Torre Quezzi 1818/1823

E’ una torre circolare in laterizio di 15 metri di diametro per 17 m di altezza, costruita dal Corpo Reale del genio Sardo tra il 1818 e il 1823, situata sulle alture di Quezzi. (318 s.l.m.). La torre domina le alture della val Bisagno, e fu costruita per sopperire alla mancanza di una adeguata difesa di Forte Quezzi lungo il crinale nord del monte, che avrebbe consentito un facile punto di partenza alle truppe nemiche per un eventuale attacco al forte stesso. Il Genio Sardo si prodigò per rinforzare quel lato del monte, con la costruzione di una piccola opera di “appoggio” a pianta circolare. La Torre è una costruzione a tronco di cono, in cui a metà altezza si innestano delle paraste che sorreggono il parapetto di coronamento del tetto, oggi, come la maggior parte della costruzione, diroccato. Dalla parte interna dei parasti si aprono delle caditoie, protette in origine da possenti grate apribili.

L’ingresso era originariamente protetto da un fossato a semi-cerchio, e da un ponte levatoio di cui oggi non rimangono tracce, ma che presenta ancora una muratura controscarpa davanti all’ingresso usata come appoggio per il ponte quando era abbassato. L’interno presentava 3 piani, oggi in gran parte totalmente crollati, sorretti da quattro pilastri portanti, in cui in uno di essi sono ricavate le scale di servizio che salivano ai piani. Al primo piano troviamo sul lato est la grossa feritoia per la cannoniera, svasata verso il basso in quanto il pezzo d’artiglieria era a difesa della Torre e non era a scopo offensivo.

Nel piano superiore si scorge un’altra feritoia per la cannoniera, che al contrario aveva un “tiro” più diritto. Il terrazzo superiore, oggi irraggiungibile, era accessibile tramite una piccola casamatta e fu costruito a “prova di bomba”, cioè da uno spesso strato di terra che sarebbe servito ad assorbire l’impatto di una bombarda dell’epoca. Al centro del soffitto esisteva in origine una piccola copertura in marmo, la quale poteva essere aperta per facilitare lo smaltimento del fumo di sparo, tramite un camino circolare verticale collegato con l’interno. L’armamento era rappresentato da due cannoni da 8, due obici lunghi e i due cannoncini, sopracitati, mentre il personale poteva variare da 20 a 50 unità in caso di necessità. Dopo quasi 100 anni, intorno al 1909, l’opera fu abbandonata dalle autorità militari e adibita a ristorante poi definitivamente abbandonata nell’immediato secondo dopoguerra, quando furono rimosse le parti metalliche e i tiranti del pavimento, che ne causarono il crollo.

Mappa Torre Quezzi
Piantina Forte Quezzi

(Tratto da “I forti di Genova” Sagep Editice)

It is a circular brick tower 15 metres in diameter and 17 metres high, built by the Royal Corps of Sardinian Engineers between 1818 and 1823, situated on the heights of Quezzi. (318 m a.s.l.). The tower dominates the heights of the Bisagno valley, and was built to make up for the lack of an adequate defence of Fort Quezzi along the north ridge of the mountain, which would have provided an easy starting point for enemy troops to attack the fort. The Sardinian Engineers did their utmost to reinforce that side of the mountain with the construction of a small circular “support” structure. The tower is a truncated cone-shaped construction, with pilasters inserted halfway up to support the parapet crowning the roof, which today, like most of the construction, is in ruins.
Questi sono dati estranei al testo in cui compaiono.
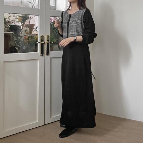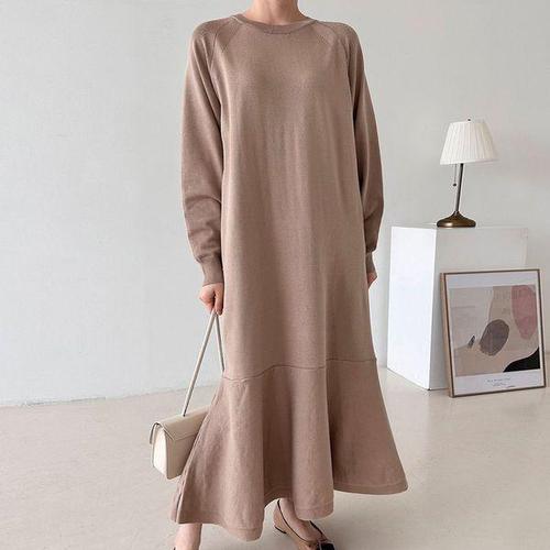 루어스룸 플레인 루즈핏 라운드넥 하객룩 임부복 긴팔 빅사이즈 니트 롱 원피스

On the inside of the pilasters are machicolations, originally protected by large opening grates.

The entrance was originally protected by a semi-circle moat, and by a drawbridge of which no traces remain today, but which still has a masonry counterscarp in front of the entrance used as a support for the bridge when it was lowered. The interior had three floors, today mostly totally collapsed, supported by four supporting pillars, in one of which are the service stairs that went up to the floors. On the first floor, on the east side, there is a large embrasure for the gunboat, flared downwards because the artillery piece was for the defence of the Tower and not for offensive purposes.

On the upper floor one can see another embrasure for the gunboat, which had a straighter “shot”. The upper terrace, now unreachable, was accessible through a small casemate and was built “bomb-proof”, i.e. from a thick layer of earth that would have served to absorb the impact of a bombard of the time. In the centre of the ceiling there was originally a small marble roof, which could be opened to facilitate the disposal of gun smoke, via a vertical circular chimney connected to the interior. The armament was represented by two cannons of 8, two long howitzers and the two small cannons mentioned above, while the personnel could vary from 20 to 50 in case of need. After almost 100 years, around 1909, the building was abandoned by the military authorities and used as a restaurant, then finally abandoned immediately after the Second World War, when the metal parts and floor rods were removed, causing it to collapse.